Gemini has special support for YouTube videos. You can easily `analyze/summarize` YouTube content by providing the URL:

```php
use Prism\Prism\ValueObjects\Messages\UserMessage;
use Prism\Prism\ValueObjects\Media\Video;
use Prism\Prism\Enums\Provider;

$response = Prism::text()
    ->using(Provider::Gemini, 'gemini-1.5-flash')
    ->withMessages([
        new UserMessage(
            'Summarize this YouTube video:',
            additionalContent: [
                Video::fromUrl('https://www.youtube.com/watch?v=dQw4w9WgXcQ'),
            ],
        ),
    ])
    ->asText();
```

### Audio Processing

Gemini can analyze audio files for various tasks like transcription, content analysis, and audio scene understanding. The implementation in Prism uses the `Audio` value object which is specifically designed for Gemini's audio processing capabilities.

```php
use Prism\Prism\ValueObjects\Messages\UserMessage;
use Prism\Prism\ValueObjects\Media\Audio;
use Prism\Prism\Enums\Provider;

$response = Prism::text()
    ->using(Provider::Gemini, 'gemini-1.5-flash')
    ->withMessages([
        new UserMessage(
            'Transcribe this audio file:',
            additionalContent: [
                Audio::fromLocalPath('/path/to/audio.mp3'),
            ],
        ),
    ])
    ->asText();
```

## Image Generation

Prism supports Gemini image generation through Imagen and Gemini models.
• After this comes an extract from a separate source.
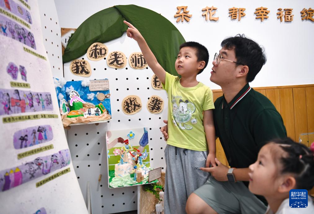 9月9日,在南京新世紀(jì)實(shí)驗(yàn)幼兒園,小朋友給老師講述自己創(chuàng)作的“我和老師的故事”。

See Gemini [image generation docs](https://ai.google.dev/gemini-api/docs/image-generation) for full usage.

### Supported Models

| Model                                       | Description                                        |
| ------------------------------------------- | -------------------------------------------------- |
| `gemini-2.0-flash-preview-image-generation` | Experimental gemini image generation model.        |
| `imagen-4.0-generate-001`                   | Latest Imagen model. Good for HD image generation. |
| `imagen-4.0-ultra-generate-001`             | Highest quality images, only one image per request |
| `imagen-4.0-fast-generate-001`              | Fastest Imagen 4 model                             |
| `imagen-3.0-generate-002`                   | Imagen 3                                           |

### Basic Usage

```php
$response = Prism::image()
    ->using(Provider::Gemini, 'gemini-2.0-flash-preview-image-generation')
    ->withPrompt('Generate an image of ducklings wearing rubber boots')
    ->generate();

file_put_contents('image.png', base64_decode($response->firstImage()->base64));

// gemini models return usage and metadata
echo $response->usage->promptTokens;
echo $response->meta->id;
```

### Image Editing with Gemini

```php
$originalImage = fopen('image/boots.png', 'r');

$response = Prism::image()
    ->using(Provider::Gemini, 'gemini-2.0-flash-preview-image-generation')
    ->withPrompt('Actually, could we make those boots red?')
    ->withProviderOptions([
        'image' => $originalImage,
        'image_mime_type' => 'image/png',
    ])
    ->generate();

file_put_contents('new-boots.png', base64_decode($response->firstImage()->base64));
```

### Image options for Imagen models

```php
$response = Prism::image()
    ->using(Provider::Gemini, 'imagen-4.0-generate-001')
    ->withPrompt('Generate an image of a magnificent building falling into the ocean')
    ->withProviderOptions([
        'n' => 3,                               // number of images to generate
        'size' => '2K',                         // 1K (default), 2K
        'aspect_ratio' => '16:9',               // 1:1 (default), 3:4, 4:3, 9:16, 16:9
        'person_generation' => 'dont_allow',    // dont_allow, allow_adult, allow_all
    ])
    ->generate();
```

Note:

- Imagen 4 Ultra can only generate 1 image at a time.
- An empty response is sent if the prompt is in violation of the person_generation policy, causing Prism to throw an Exception.

### Response Format

All generated images are returned as base64 encoded strings.